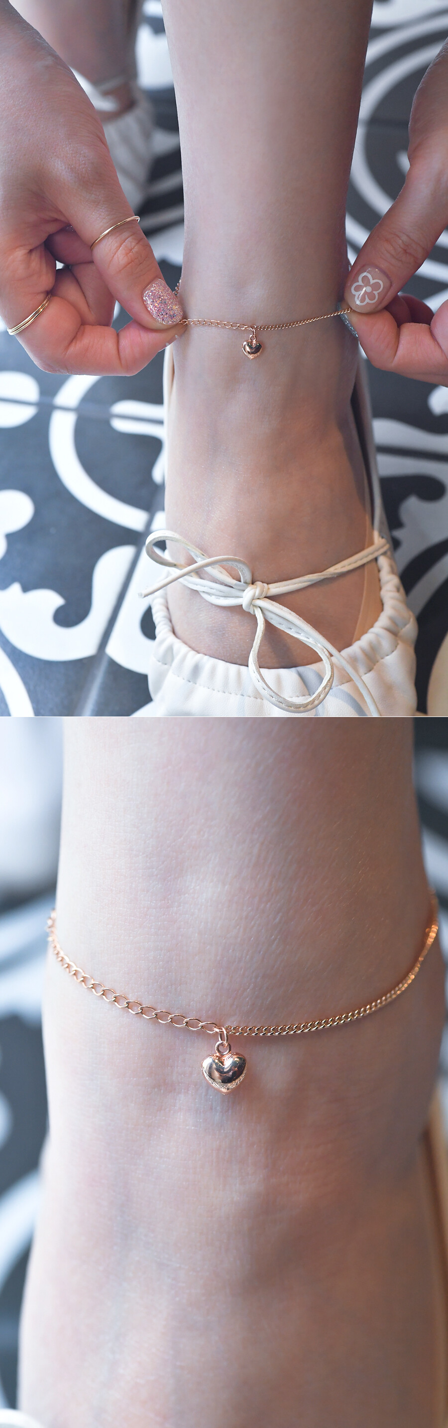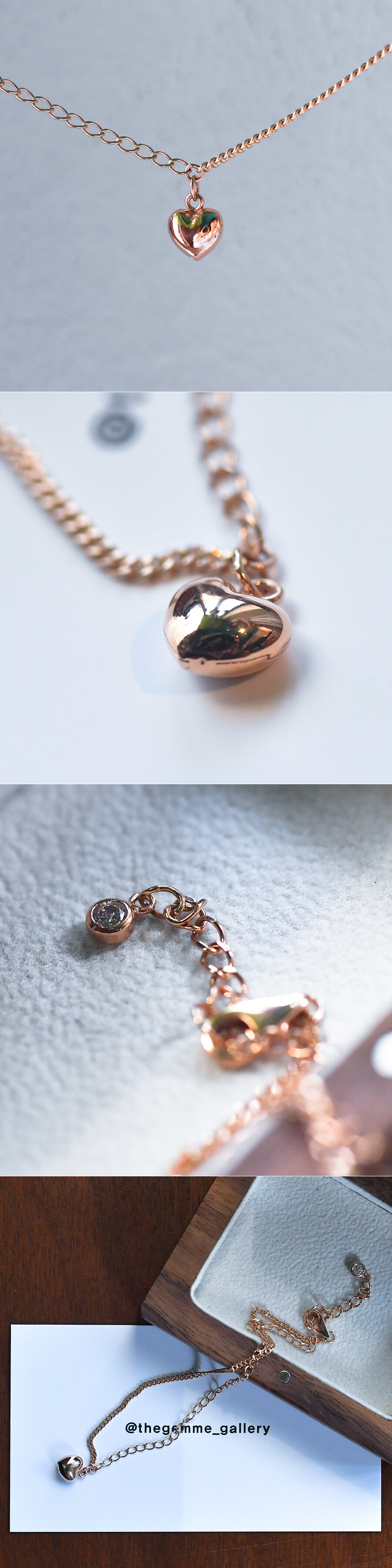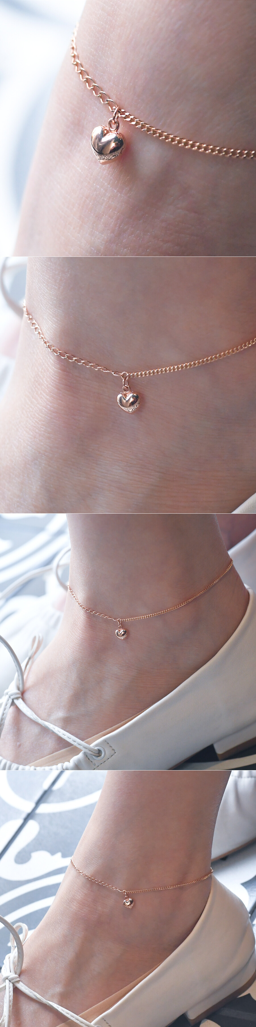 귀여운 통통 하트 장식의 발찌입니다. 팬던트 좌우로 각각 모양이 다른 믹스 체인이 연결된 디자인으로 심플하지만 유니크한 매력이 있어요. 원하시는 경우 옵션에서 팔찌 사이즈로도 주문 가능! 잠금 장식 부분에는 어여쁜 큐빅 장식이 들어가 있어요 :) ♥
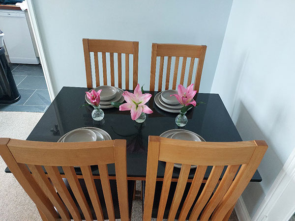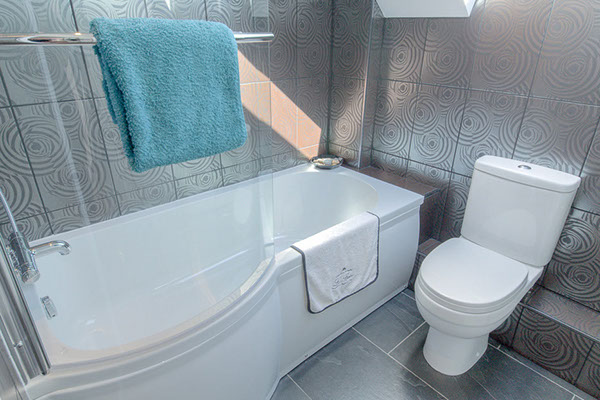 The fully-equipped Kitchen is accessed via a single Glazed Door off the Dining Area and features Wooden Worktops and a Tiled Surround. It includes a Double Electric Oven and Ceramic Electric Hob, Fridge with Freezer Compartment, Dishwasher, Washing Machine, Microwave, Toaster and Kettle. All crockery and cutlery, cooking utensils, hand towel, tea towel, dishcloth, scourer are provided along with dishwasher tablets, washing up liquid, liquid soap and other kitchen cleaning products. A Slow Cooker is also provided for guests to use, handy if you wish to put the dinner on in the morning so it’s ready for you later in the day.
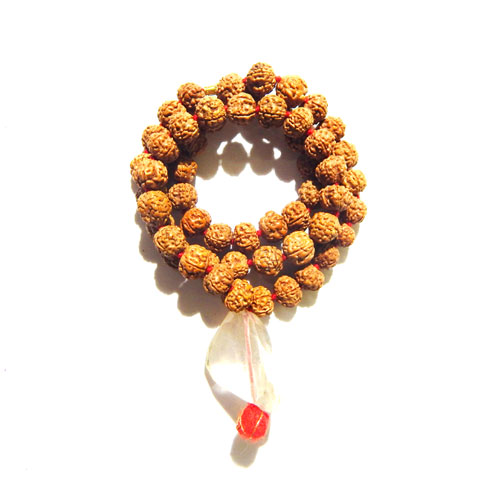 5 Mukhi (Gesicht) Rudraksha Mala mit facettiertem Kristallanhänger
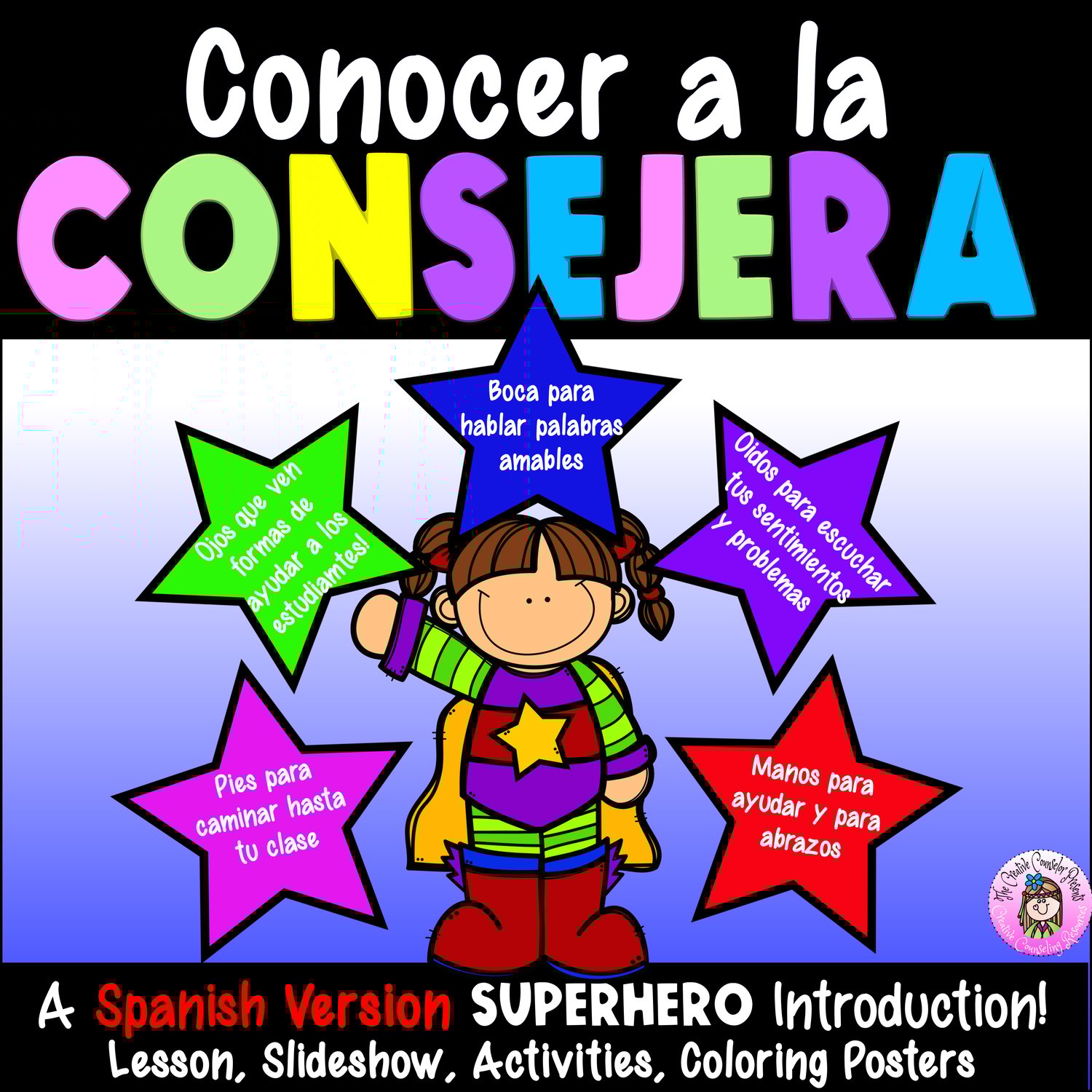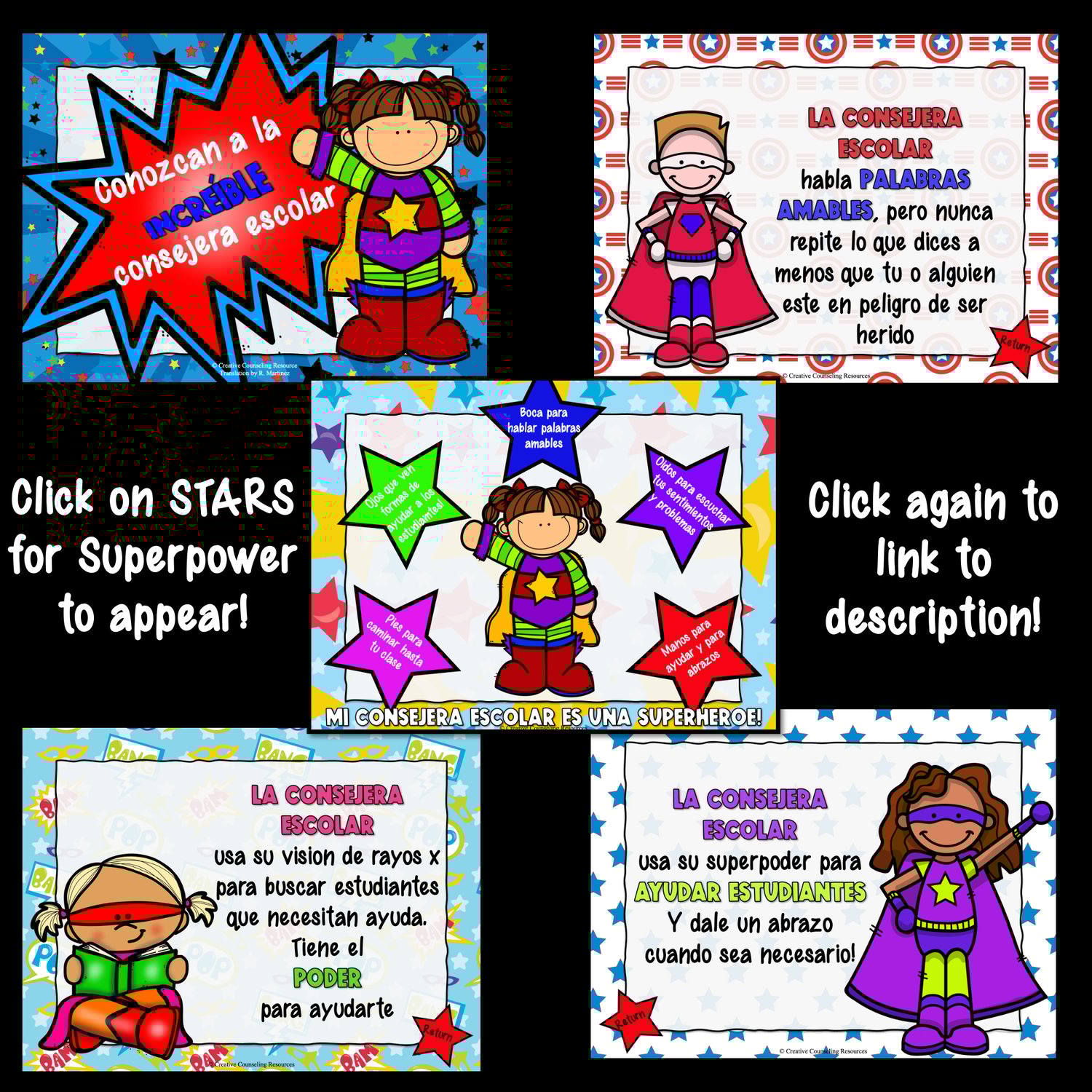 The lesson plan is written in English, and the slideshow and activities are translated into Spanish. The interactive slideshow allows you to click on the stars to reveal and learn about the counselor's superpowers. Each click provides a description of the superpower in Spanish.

•••

:: Exercise ::
Reproduce the data word for word; no pictures.

:: Response to the task ::
 귀여운 통통 하트 장식의 발찌입니다. 팬던트 좌우로 각각 모양이 다른 믹스 체인이 연결된 디자인으로 심플하지만 유니크한 매력이 있어요. 원하시는 경우 옵션에서 팔찌 사이즈로도 주문 가능! 잠금 장식 부분에는 어여쁜 큐빅 장식이 들어가 있어요 :) ♥
 The fully-equipped Kitchen is accessed via a single Glazed Door off the Dining Area and features Wooden Worktops and a Tiled Surround. It includes a Double Electric Oven and Ceramic Electric Hob, Fridge with Freezer Compartment, Dishwasher, Washing Machine, Microwave, Toaster and Kettle. All crockery and cutlery, cooking utensils, hand towel, tea towel, dishcloth, scourer are provided along with dishwasher tablets, washing up liquid, liquid soap and other kitchen cleaning products. A Slow Cooker is also provided for guests to use, handy if you wish to put the dinner on in the morning so it’s ready for you later in the day.
 5 Mukhi (Gesicht) Rudraksha Mala mit facettiertem Kristallanhänger
 The lesson plan is written in English, and the slideshow and activities are translated into Spanish. The interactive slideshow allows you to click on the stars to reveal and learn about the counselor's superpowers. Each click provides a description of the superpower in Spanish.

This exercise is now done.